The Daily Telegraph

Higher rates may force Italian debt spiral, says S&P

- By Tom Rees

ITALY’S interest bill risks hitting levels last seen during the depths of the eurozone crisis amid fears the country could be sucked into a debt spiral.

Credit ratings giant S&P has warned that Italy is the most vulnerable developed country to bond market turmoil as its interest costs on markets surge.

S&P analysis found that Italy’s total interest bill would jump to 5.5pc of GDP if borrowing costs rose sharply by three percentage points, ramping up the risk of its huge debt pile spiralling out of control. It would be equivalent to a near €100bn (£86bn) interest bill and the highest amount since 2012.

Even a more likely one percentage point interest rate jump would lead to a debt servicing bill at 4.5pc of GDP.

There are fears that the current jump in interest rates threatens to make Italy’s huge debt pile unsustaina­ble, risking another eurozone crisis.
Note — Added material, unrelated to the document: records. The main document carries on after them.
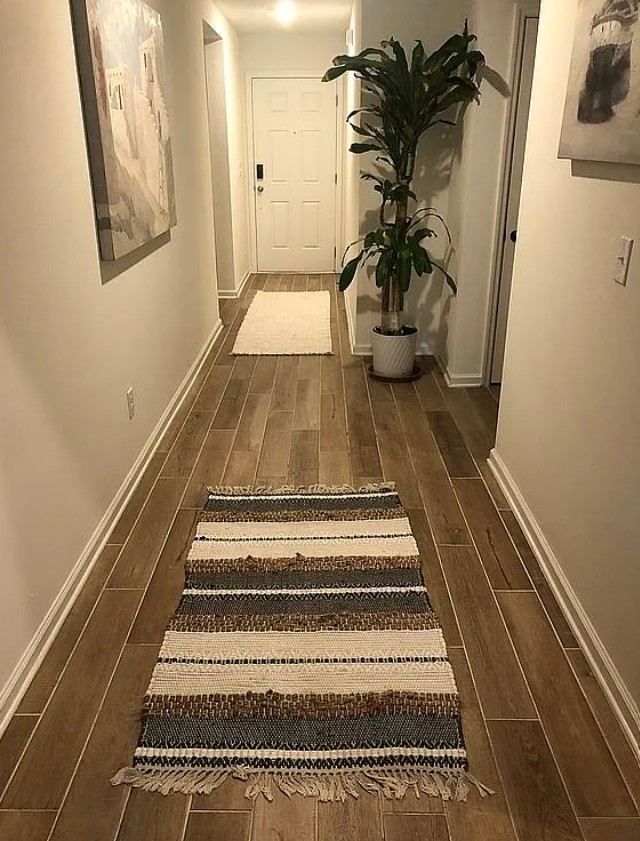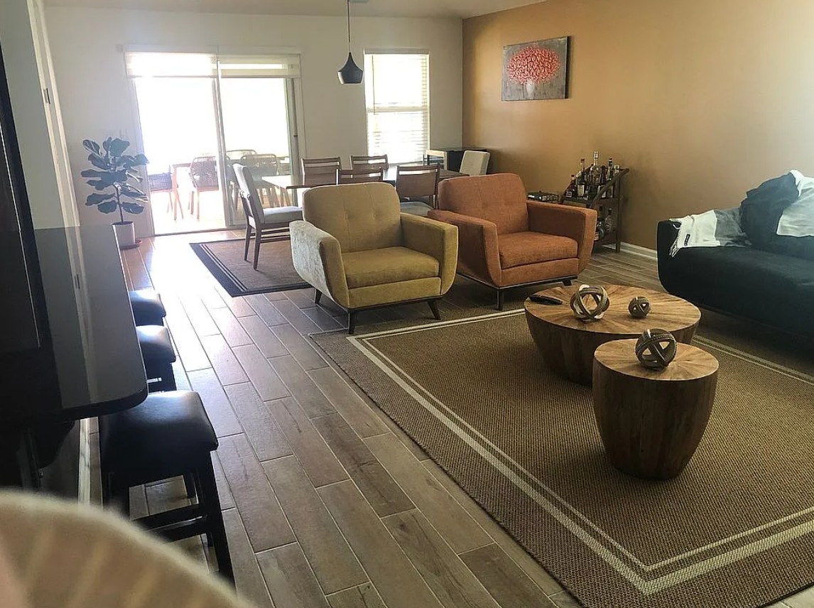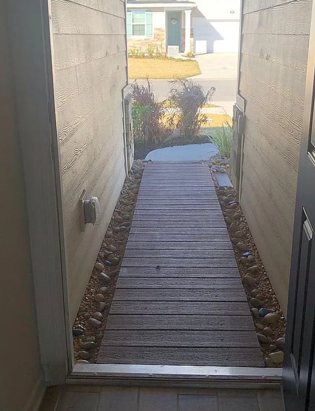 The home boasts uniform porcelain flooring throughout, elegant exterior wooden walkway over river stones, and a beautiful patio perfect for relaxing or entertaining.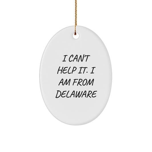 Delaware Gifts - I Can't Help It. I Am From Delaware - Oval Ornament, White, Christmas Unique Gifts from Family to Delaware Friends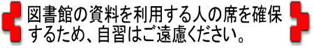 館内にある閲覧席は、図書館の資料を使っての調べものや、読書をするためのものです。参考書や教科書を持ち込んでの<勉強>は、図書館本来の利用の妨げとなります。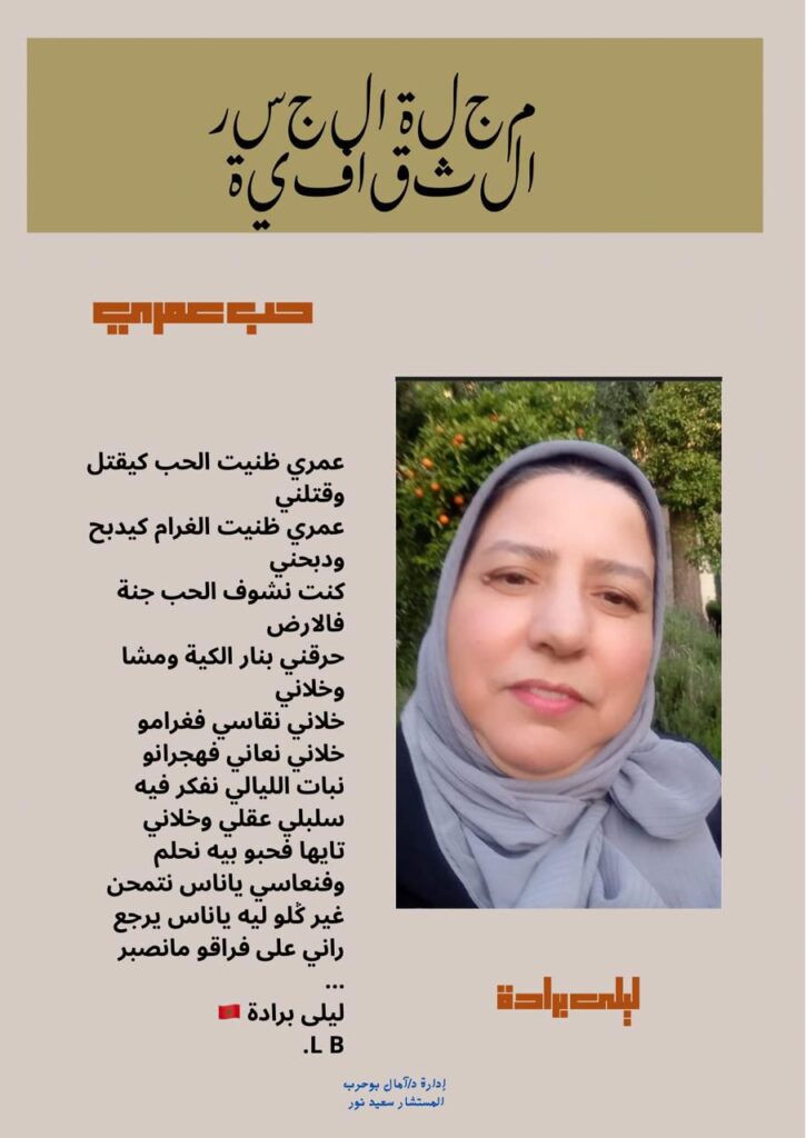 الشاعرة المغربية ليلى برادة في رثاء للأنين الصامت الوجودي عبر أجراس من الكلمات..خريبكة اليوم- المغرب

Italy’s debt has hit 150pc of GDP following the pandemic, the third highest in the developed world after Japan and Greece. Jack Allen-reynolds, Europe economist at Capital Economics, said that “potentiall­y higher interest rates are a big risk for Italy” as its economic prospects are “poor” after two decades of low growth.

“Investors see buying Italian debt as a bigger risk and what that means is that drives interest rates up,” he said.

“The risk is this becoming a selffulfil­ling cycle of investors becoming worried, that driving interest rates up and that making the debt outlook even worse and pushing interest rates up even further.”

The ECB announced after an emergency meeting last week that it was drawing up a new tool to stop Italian interest costs surging ahead of other eurozone countries’.

Mr Allen-reynolds said the ECB has “learned the lessons from the debt crisis” as it prepares to intervene in bond markets again.

Italy’s 10-year bond yield has already soared from below 1.5pc in early 2022 to 4pc this month before the ECB’S promise of interventi­on calmed investor nerves. The gap between Italian and German bond yields – a key risk gauge watched by investors – has doubled in the last 12 months.